Um Lugar Qualquer (Somewhere) - 2010; reconstruindo os laços de paternidade

Um lugar qualquer (Somewhere), lançado em 2010.
Um filme de Sofia Coppola.
É difícil entender como Somewhere conseguiu ganhar o Leão de Ouro em Veneza, se a por meio de lobby, se uma tentativa de indiretamente homenagear o Coppola pai, ou porque a concorrência estava fraca mesmo. Por outro lado especula-se favorecimento por parte de Quentin Tarantino, parte do juri e ex-namorado de Sofia. Polêmicas à parte - apesar do filme não ser uma obra prima que merecesse um prêmio tão importante -, o quarto longa da filha Coppola encanta pela sua sinceridade, ainda que seja quase impossível não compará-lo e notar semelhanças com o seu doce (e melhor) Encontros e Desencontros.

Johnny Marco (Stephen Dorff) é um ator de filmes de ação no auge de sua fama. Ele tem a vida que todos invejam: dinheiro, fãs, carros caros e mulheres. Mas ele não está bem, passa por uma espécie de crise existencial e não está muito confortável com sua situação. A filha aparece para morar alguns dias com ele, tendo um papel importante em sua mudança emocional.

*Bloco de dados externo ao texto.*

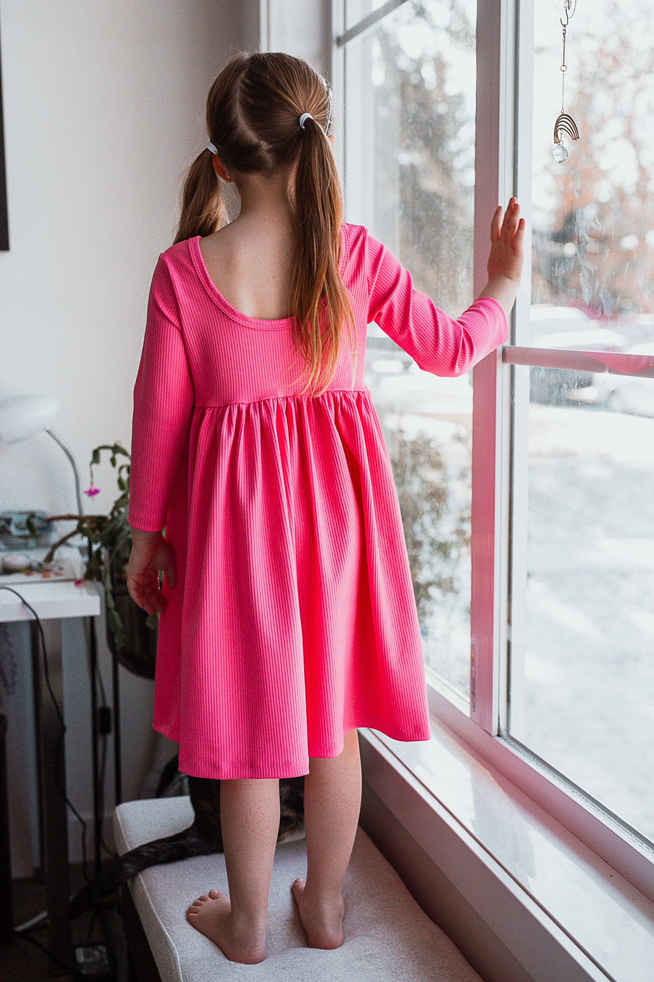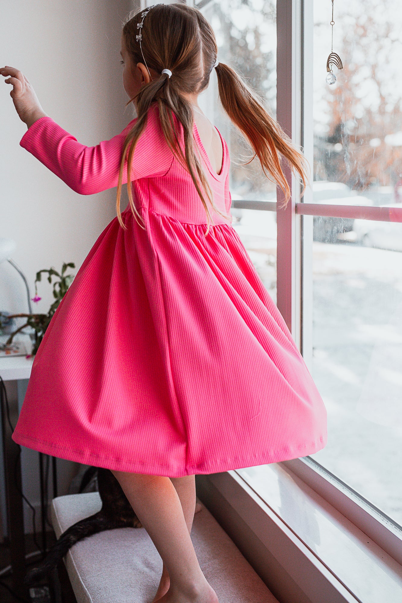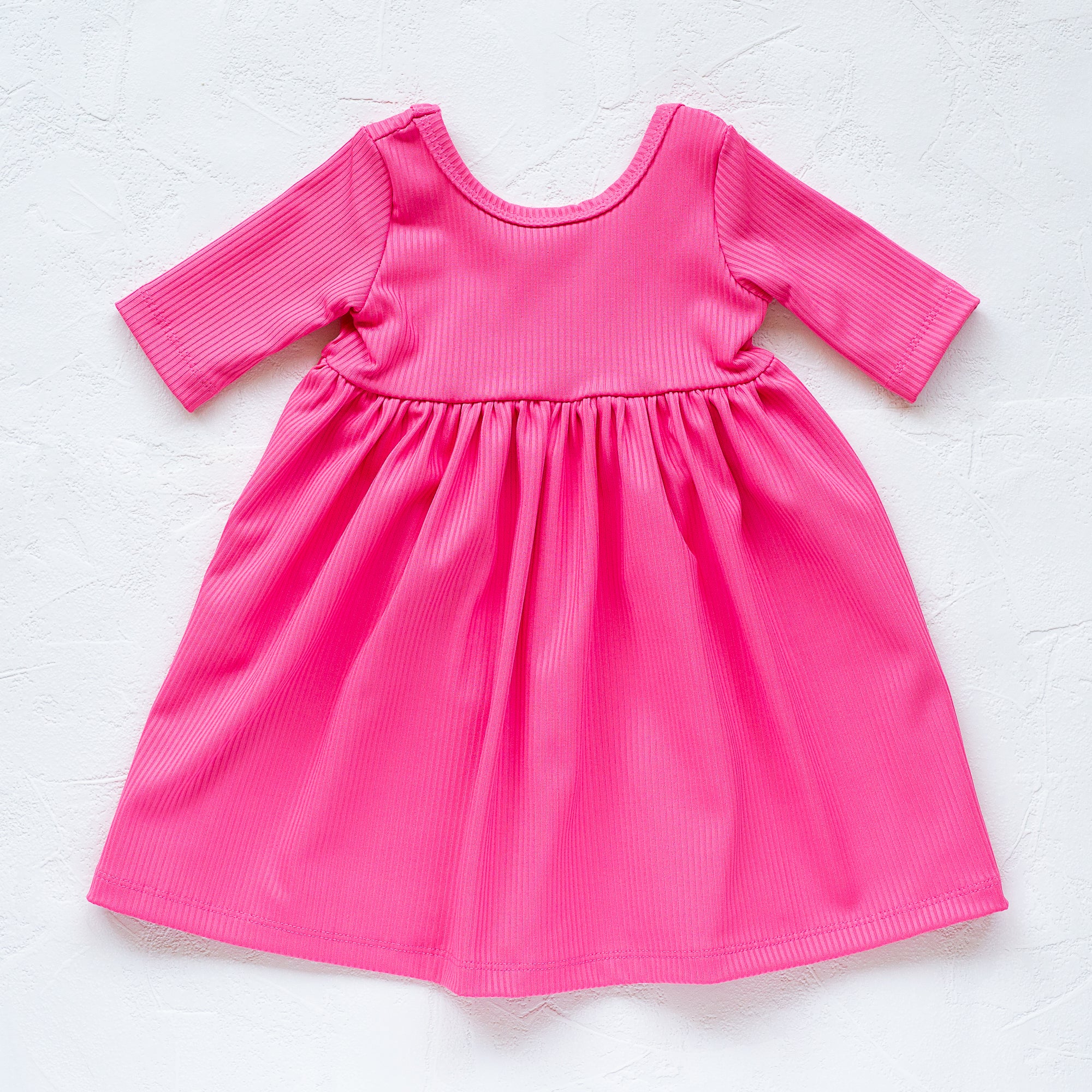 Using our classic dress pattern, this dress is designed with an empire bodice and a gathered skirt, creating a twirl-worthy silhouette that little dancers will love. This dress has 3/4 length sleeves and a scoop-back neckline, perfect for cooler days.

 Aqui Sofia estuda como a vida é construída de aparências. A exemplo do personagem de Bill Murray em Encontros e Desencontros, Johnny Marco sente-se deslocado no meio em que está inserido. Ele tenta se adequar, mas ele sente um grande vazio, mesmo que o mundo pense que a vida de um astro é glamourosa e interessante. Mas numa tomada uma colega de trabalho com quem está posando aos sorrisos, mostra como o meio artístico pode ser cínico.
Ele vive entediado, desencantado, e já no início há uma cena em que isso fica claro: duas dançarinas contratadas de pole dancing fazem um show particular. Ele nem sorri. Na cena maçante do molde do rosto, ele se sente impotente e sufocado. O contato com a filha, de quem sempre foi distante, acaba despertando um olhar um pouco mais otimista em relação ao mundo.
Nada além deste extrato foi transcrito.